Eli Lilly and Company (LLY) shares rose more than 3% during Wednesday's session after Morgan Stanley upgraded the stock from Equal Weight to Overweight and raised its price target from $116 to $150 per share. Analyst David Risinger cited strong earnings growth potential and significant pipeline optionality from its small size and low margins. Given Eli Lilly's strong R&D leadership, Risinger believes that the market underappreciates the company's long-term growth prospects.
In separate news, the company announced the start of a long-term study, TRIUMPH, evaluating the effectiveness of Emgality (galcanezumab-gnlm) compared to other preventative treatments for migraine among people switching from a different treatment or starting a new prescription treatment. The 2,850-subject trial will track prescriptions and treatment choices among migraine sufferers over a two-year time frame. Emgality generated $47.7 million in worldwide revenue during Q3 2019.
From a technical standpoint, Eli Lilly stock broke out sharply higher to test its highs made earlier this year.
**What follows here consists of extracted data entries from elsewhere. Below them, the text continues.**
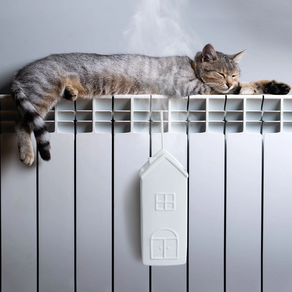 Praktičen in stilski vlažilnik zraka za radiator v obliki hiške je idealen pomočnik v obdobju suhega zraka med ogrevanjem. Dovolj ga je napolniti z vodo in obesiti na radiator – izhlapevajoča voda naravno poveča vlažnost v prostoru, kar prispeva k prijetnejšemu okolju za dihanje in spanje.
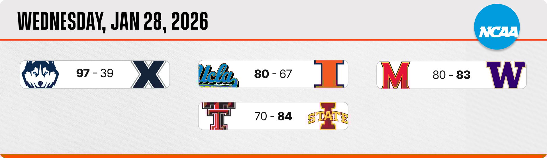 | | | It was another lopsided win for UConn, but Allie Ziebell made sure it was anything but ordinary. UCLA, led by Lauren Betts, had a much tougher night, scraping past Illinois in what became its closest win over an unranked opponent this season. Cyclones' resume got a timely lift with a win over Texas Tech. And while most of the night was defined by star performances, Maryland vs. Washington delivered double overtime chaos. Sayvia Sellers played the hero for the Huskies.
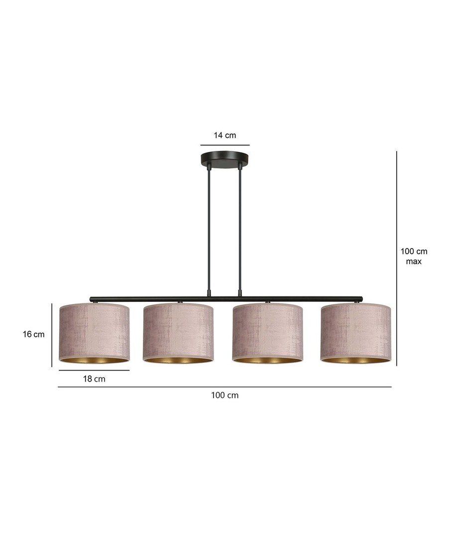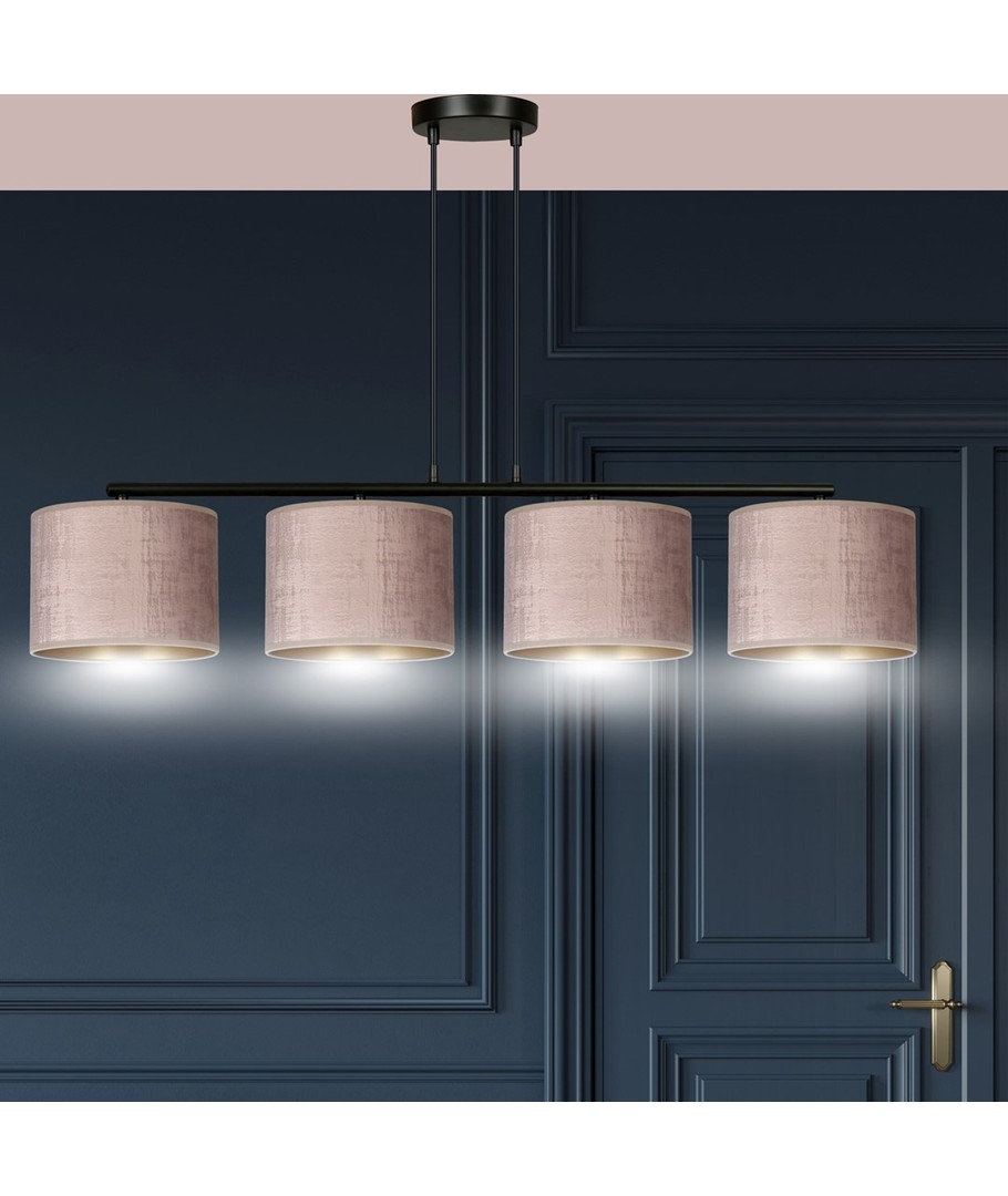 Gjør hjemmet ditt mer elegant med den stilfulle Hilde 4 pendellampe i en kombinasjon av sort og rosa. Denne lampen er perfekt for de som ønsker å legge til et moderne og sofistikert preg i rommet.
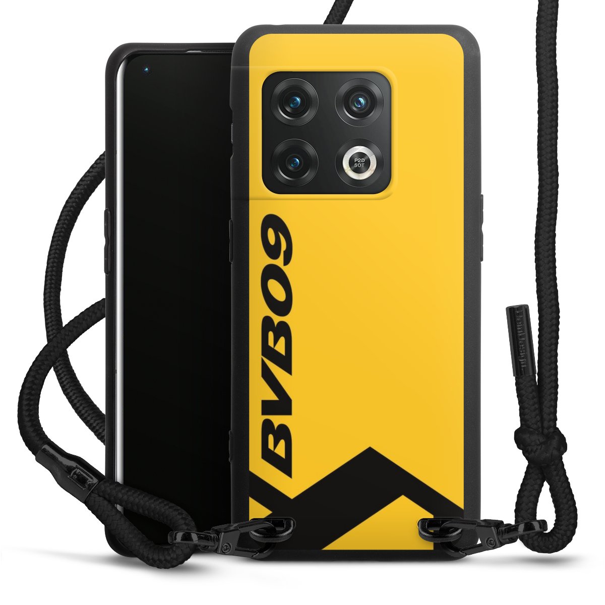 The matt black silicone case is made of flexible TPU (thermoplastic polyurethane) and offers robust protection. The durable, unbreakable material makes the cover flexible and dimensionally stable at the same time. The matte surface makes your design stand out more and is less susceptible to fingerprints and dirt. The stylish trend accessory fits comfortably in the hand and is perfectly complemented by the fabric (polyester) mobile phone strap. The braided fabric strap is approx. 1.70 metres long with a diameter of approx. 0.5 cm. Due to the special knotting technique, the length of the strap can be adjusted by simply pulling it, so that you can adapt it individually to your wishes. The practical case to wear around your neck is available with the fabric strap in black. As a little icing on the cake, we have provided the strap with a chic metal fastener in matt black. The strap is securely fastened to the case with loops made of high-quality genuine leather and press studs. The ends of the fabric strap are covered with metallic end caps and thus protected from fraying.
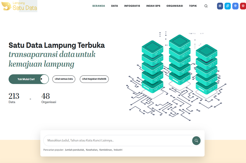 Portal transparansi data dan informasi publik bagi warga Lampung. Siapa saja bisa jelajahi dan dapatkan koleksi dataset terbuka dari Organisasi Perangkat Daerah di Lampung di sini. Cari, temukan, unduh—bebas birokrasi!
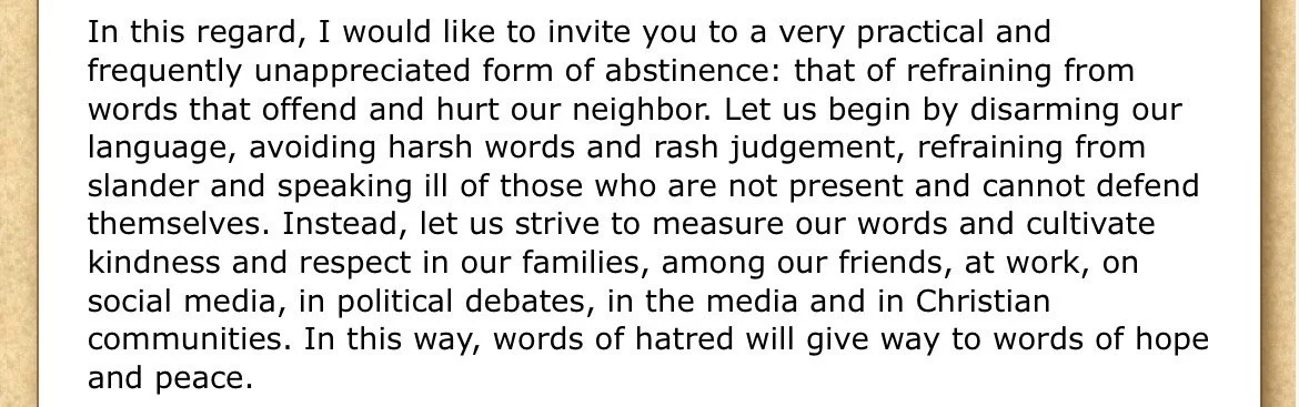 So of course, what the Holy Father shared makes sense: if we want a more peaceful and loving world, we begin by abstaining from harsh and hurtful language. And for those of us who are brothers and sisters in faith, we can make space for grace by fasting from that endlessly hungry gremlin — the words from which all beefs begin.
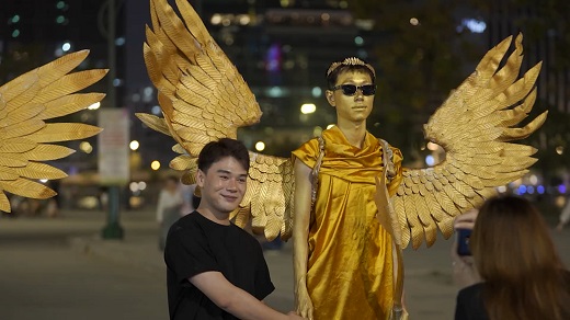 Vừa hào hứng, vừa hồi hộp, Thùy Tiên và Double2T bắt tay vào chuẩn bị dưới sự hướng dẫn của hai “giáo viên”. Hai nghệ sĩ khá thích thú khi được bôi lớp sơn vàng lên hết người, chọn dáng đứng và chính thức được đứng giữa phố đi bộ “tác nghiệp”. Rất nhanh, lượng người xem đã tập trung đông đúc trước các nhân tượng. Từ đây, muôn chuyện từ “dở khóc dở cười” đến thử thách toát mồ hôi hai nhân tượng “tập sự” trong suốt 3 tiếng bắt đầu.

The relative strength index (RSI) moved further into overbought territory with a reading of 86.63, but the moving average convergence divergence (MACD) remains in a bullish uptrend. The stock could also experience a near-term golden cross – or a bullish crossover of its 50- and 200-day moving averages. These indicators suggest that the stock could see some near-term consolidation before extending its move higher over the coming sessions.
Traders should watch for some consolidation near its prior highs of around $130 over the coming sessions. If the stock breaks out, traders could see a move to fresh 52-week highs. If the stock breaks down lower, traders could see a move toward R2 resistance at $123.81 or trendline support near $120. The bullish technical and fundamental backdrop suggest that the intermediate-term trend will remain higher.
The author holds no position in the stock(s) mentioned except through passively managed index funds.